Note that I use the transformed parameters block to do the shifting and scaling.

  a = (a_raw - shift)/scale;
  b = (b_raw - shift)/scale;

The transformed parameters block makes sense to me. But the error message below suggests otherwise.

Here is the R code:

data('VerbAgg', package = "lme4")   # 316 people by 24 items each

J <- length(unique(VerbAgg$id))      # n of students/respondents
K <- length(unique(VerbAgg$item)) # n of questions
N <- nrow(VerbAgg)                         # n of obs in long data format
jj <- match(VerbAgg$id, unique(VerbAgg$id))     # index for people
kk <- match(VerbAgg$item, unique(VerbAgg$item)) # index for item

standat <- list(
  J = J,
  K = K,
  N = N,
  jj = jj,
  kk = kk,
  y = as.numeric(VerbAgg$r2) - 1  # 1="N", 2="Y"

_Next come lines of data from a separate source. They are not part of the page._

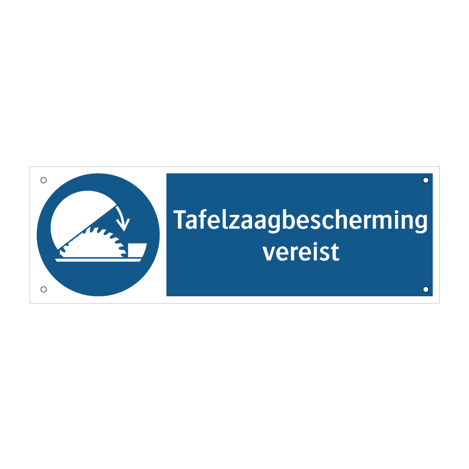 Verplichte bord met de tekst Tafelzaagbescherming vereist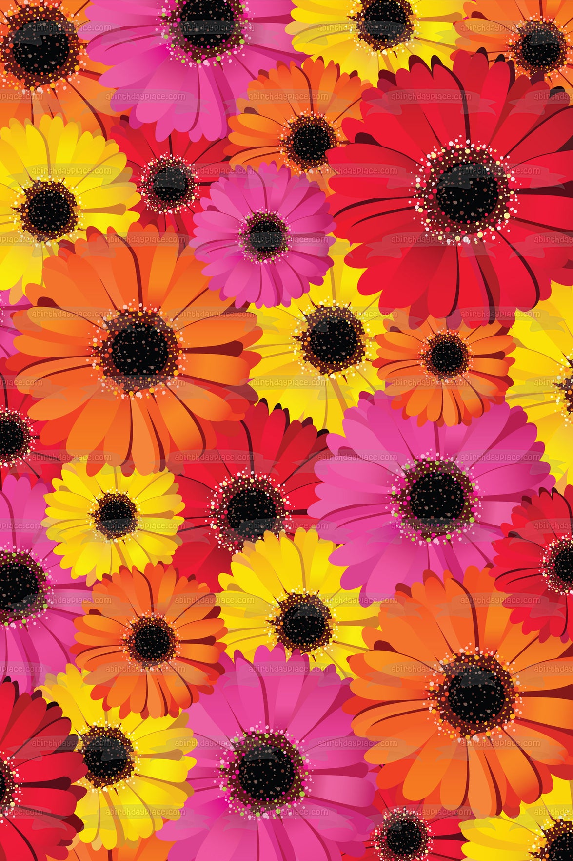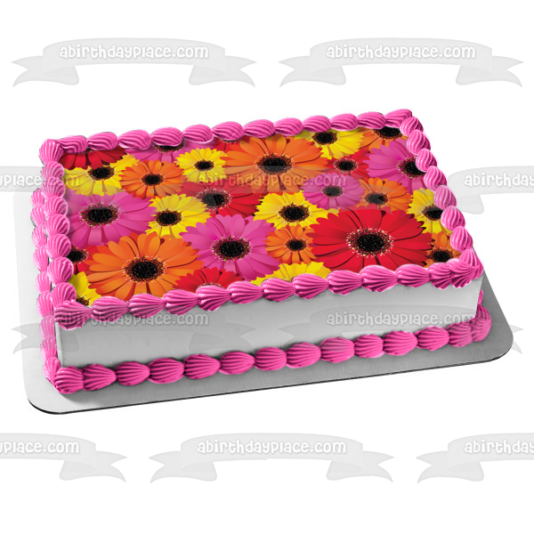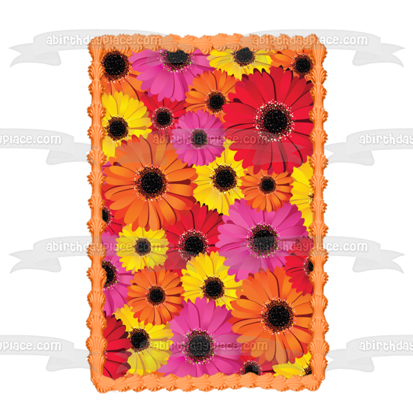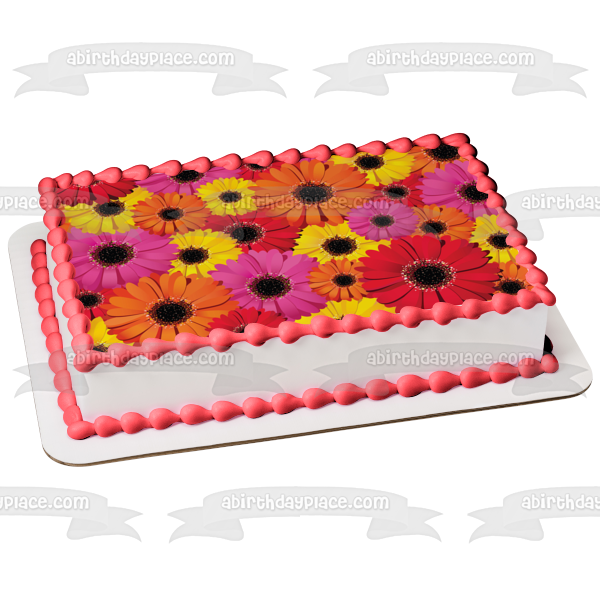 Decorate your Cake with this Flowers Pattern themed Edible Cake Topper Image featuring Red, Pink, Orange and Yellow Flowers with Sparkle Centers!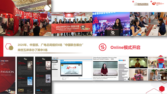 2020年,中宣部、广电总局共组织了8场这样的“中国联合展台”,尚世五岸承办了其中的3场,实现了参展规模更大,承办活动更丰富,话题传播更吸睛的全面升级。云展览、云交易、云推广,媒体融合让“中国故事”继续走向海外。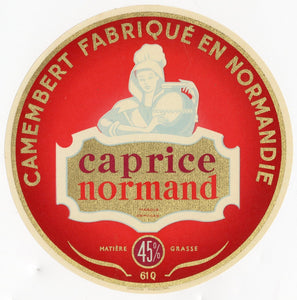 Antique, Unused, French Caprice Normand Camembert Cheese Label, Normandy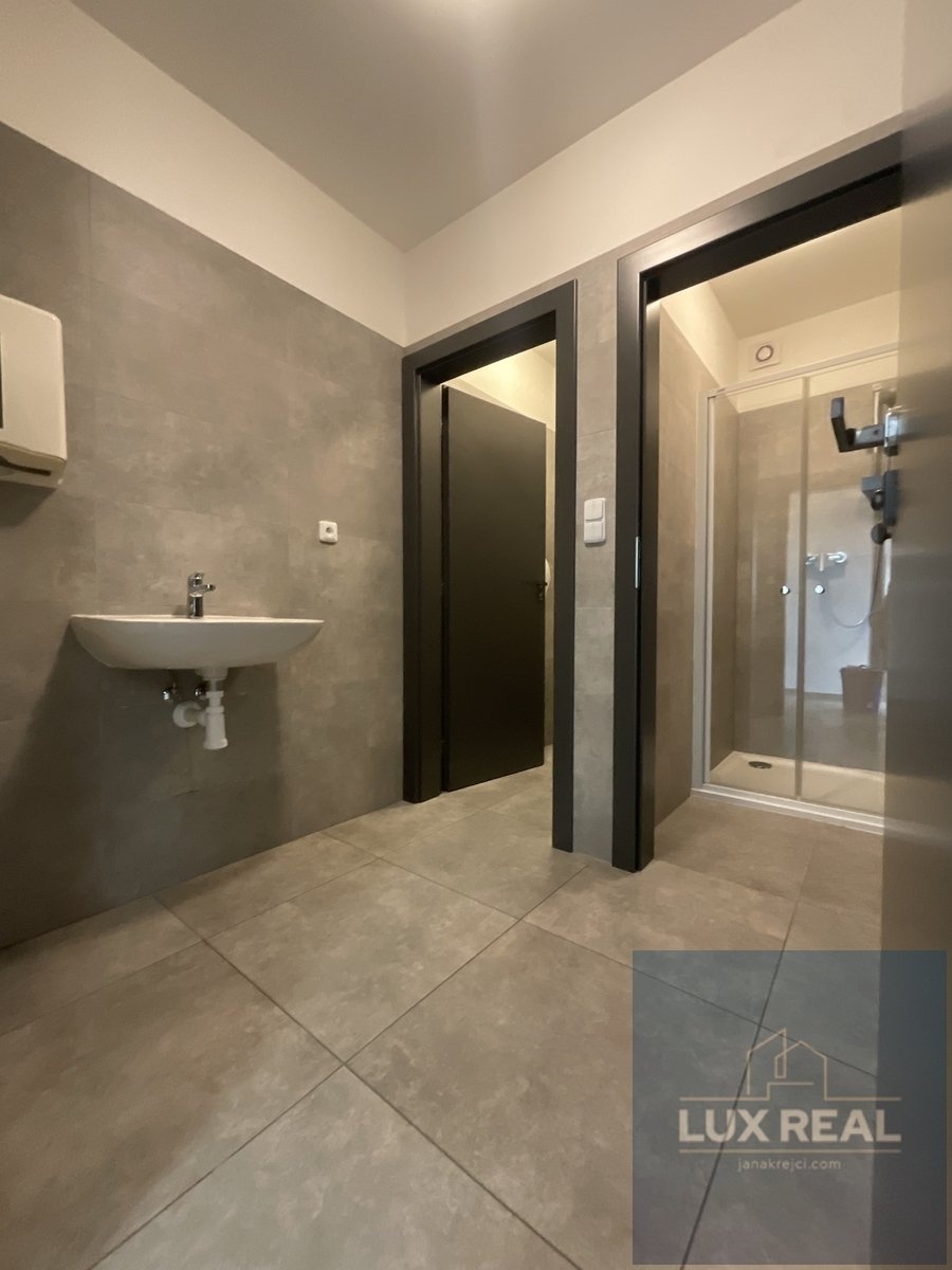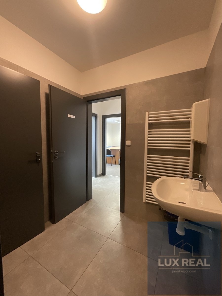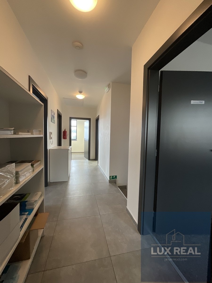 Nabízíme Vám pronájem nových moderních kancelářských prostor v administrativní novostavbě s parkovacími stáními v Brně - Líšni. Jsou to ideální prostory pro sídlo Vaší společnosti na jednom z nejlukrativnějších městských částí. Má vše co každá větší firma potřebuje. DISPOZICE: V přízemí vejdeme do vstupní haly a po schodišti do patra, kde nás vstoupíme do haly o výměře cca 8,4m2 s kuchyní a jídelním koutem o výměře cca 11,64m2, samostatným WC se sprchovým koutem o výměře 5,15m2, 4 samostatnými kancelářemi a skladem. Kuchyně s jídelním koutem je komplet vybavena lednicí, indukční deskou, mikrovlnnou troubou. Každá kancelář je vybavena klimatizací značky Acond a venkovními žaluziemi. Místnosti jsou poměrně veliké a jejich výměra činí cca 25,2m2, cca 15,36m2, cca 12,45m2, cca 20,11m2. Mezi dvěmi kancelářemi je samostatná místnost o výměře cca 5,89m2, která může sloužit jako úklidová místnost, archiv, ale i jako serverovna. Součástí pronájmu jsou i 4 parkovací místa přímo před budovou. Měsíční poplatky: Nájem za prostory činí 60.000, -Kč měsíčně + DPH v zákonné výši. Parkovací místa jsou zahrnuta v ceně nájmu. Služby budou hrazeny formou záloh měsíčně. Kauce činí 120.000, -Kč Prostory jsou ihned k dispozici. Můžete si je pronajmout, jak komplet vybavené dle fota nebo bez vybavení. Nabízené prostory jsou vhodné nejen jako kanceláře, ale i díky dostatku parkovacích míst je zde potenciál ke spojení obchodních prostor s kancelářemi. Velkou výhodou je, že je vše nové. Průkaz energetické náročnosti budovy není aktuálně k dispozici. V inzerci je dle legislativních požadavků uvedena en. třída G. V případě dotazů či zájmu o prohlídku nás neváhejte kontaktovat na níže uvedeném čísle nebo e-mailu.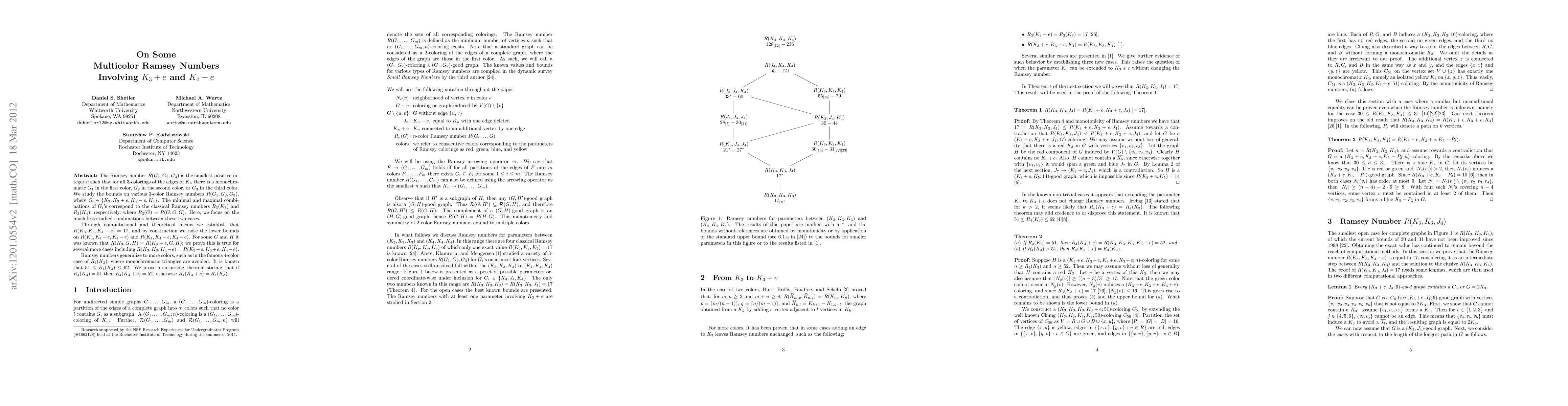 The Ramsey number $R(G_1, G_2, G_3)$ is the smallest positive integer $n$ such that for all 3-colorings of the edges of $K_n$ there is a monochromatic $G_1$ in the first color, $G_2$ in the second color, or $G_3$ in the third color. We study the bounds on various 3-color Ramsey numbers $R(G_1, G_2, G_3)$, where $G_i \in \{K_3, K_3+e, K_4-e, K_4\}$. The minimal and maximal combinations of $G_i$'s correspond to the classical Ramsey numbers $R_3(K_3)$ and $R_3(K_4)$, respectively, where $R_3(G) = R(G, G, G)$. Here, we focus on the much less studied combinations between these two cases. Through computational and theoretical means we establish that $R(K_3, K_3, K_4-e)=17$, and by construction we raise the lower bounds on $R(K_3, K_4-e, K_4-e)$ and $R(K_4, K_4-e, K_4-e)$. For some $G$ and $H$ it was known that $R(K_3, G, H)=R(K_3+e, G, H)$; we prove this is true for several more cases including $R(K_3, K_3, K_4-e) = R(K_3+e, K_3+e, K_4-e)$. Ramsey numbers generalize to more colors, such as in the famous 4-color case of $R_4(K_3)$, where monochromatic triangles are avoided. It is known that $51 \leq R_4(K_3) \leq 62$. We prove a surprising theorem stating that if $R_4(K_3)=51$ then $R_4(K_3+e)=52$, otherwise $R_4(K_3+e)=R_4(K_3)$.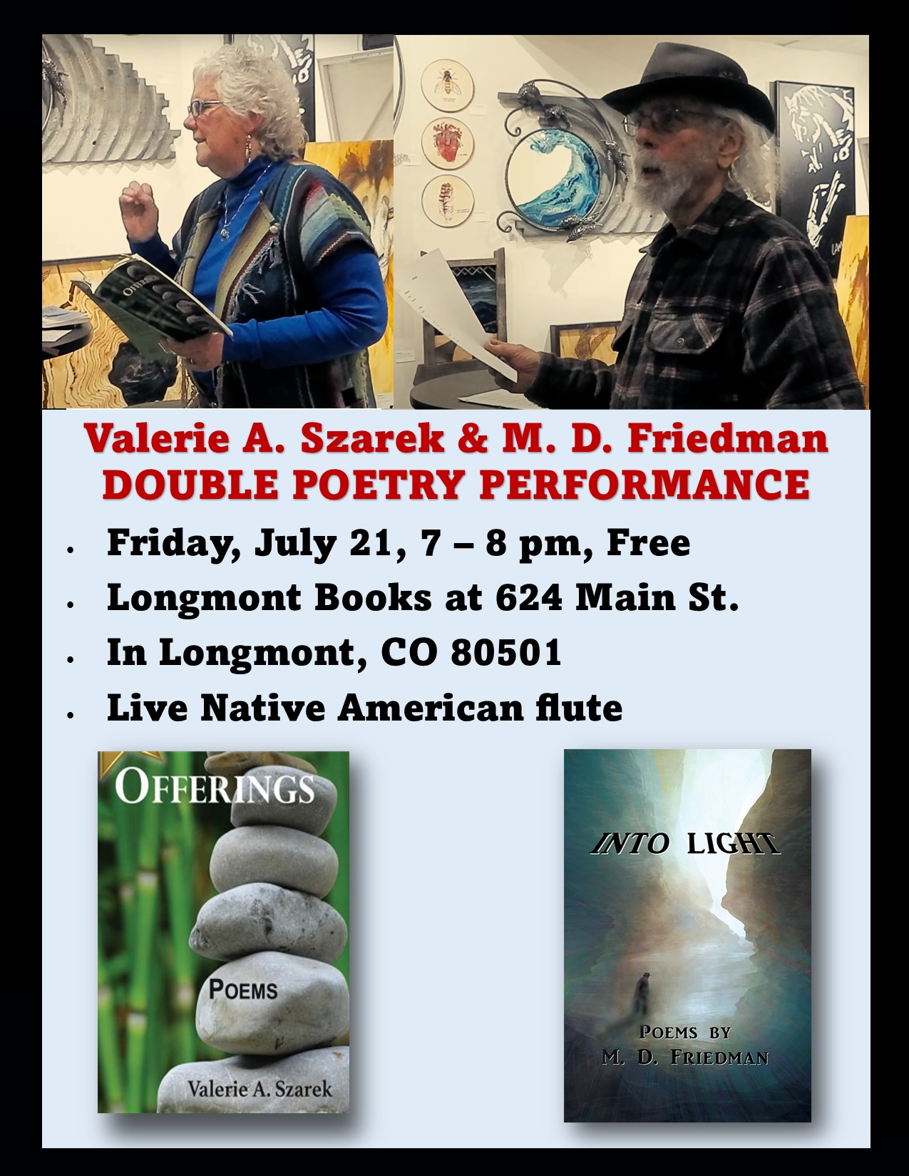 Valerie A. Szarek & M. D. Friedman will be reading from their new poetry books. There will be live musical interludes with pleanty of improvisational Native American flute music woven in. No cover charge. Books will be available for purchase and authors will be happy to sign. Please join us at this historical event to hear two of Colorado finest poets share their latest manuscripts.

options(mc.cores = parallel::detectCores())

rasch_fit <- stan(model_code = rasch_code, data = standat,
             model_name = "Rasch_shift")

Error message

I get the rejecting initial value error. I understand the error. The transformed parameters are not initialized. Their values are all nan so that the bernoulli_logit(a[jj] - b[kk]) fails.

Chain 1: Rejecting initial value:
Chain 1:   Error evaluating the log probability at the initial value.
Chain 1: Exception: normal_lpdf: Random variable[1] is nan, but must be not nan! (in 'Rasch_shift', line 31, column 2 to column 36)
Chain 1:
Chain 1: Initialization between (-2, 2) failed after 1 attempts.
Chain 1:  Try specifying initial values, reducing ranges of constrained values, or reparameterizing the model.
[1] "Error in eval(ei, envir) : Initialization failed."
error occurred during calling the sampler; sampling not done

How do I fixed this?

I know I don’t have to use shift and scale. I can get identifiability by simply setting \mu_a to 0, or by setting \mu_b to 0 (but not both). But the shift and scale approach looks more elegant. And there should be a way to get it to work in Stan. Thoughts? Many thanks in advance.

BTW, the same error if I set initial values manually:

initfun <- function(...) {
  list( a_raw       = rnorm(n=J, mean=0, sd=1),
        b_raw       = rnorm(n=K, mean=0, sd=1),
        mu_a_raw    = runif(1, min=0, max=5),
        mu_b_raw    = runif(1, min=0, max=5),
        sigma_a_raw = rexp(n=1, rate=1),
        sigma_b_raw = rexp(n=1, rate=1),
        shift       = runif(1, min=1, max=5),
        scale       = runif(1, min=1, max=5),
        a = rnorm(n=J, mean=0, sd=1),
        b = rnorm(n=K, mean=0, sd=1))    }

rasch_fit <- stan(model_code = rasch_code, data = standat,
             init = initfun, model_name = "Rasch_shift")
1 Like

I don’t really know how the model works, but maybe defining shift and scale in terms of a_raw instead of a would help?

This does work but they don’t recommend it, especially with Stan. Just set an informative N(0,1) or equivalent prior on the ability scores and it’ll be fine.

Thanks for the suggestions.

I am afraid, though, defining shift and scale by a_raw seems to destabilize the model with many warnings. Informative prior N(0, 1) works, or simply setting \mu_a = 0, I have tried both. But I hope to get shift and scale to work using Stan, especially if I want to add an item slope \gamma_k.

You just constrain the gamma_k to be positive, and it’s fine.

True. And that is how I did it before. I am hoping to move to a more elegant solution, like the shift and scale in Gelman and Hill. Thanks for your continued input.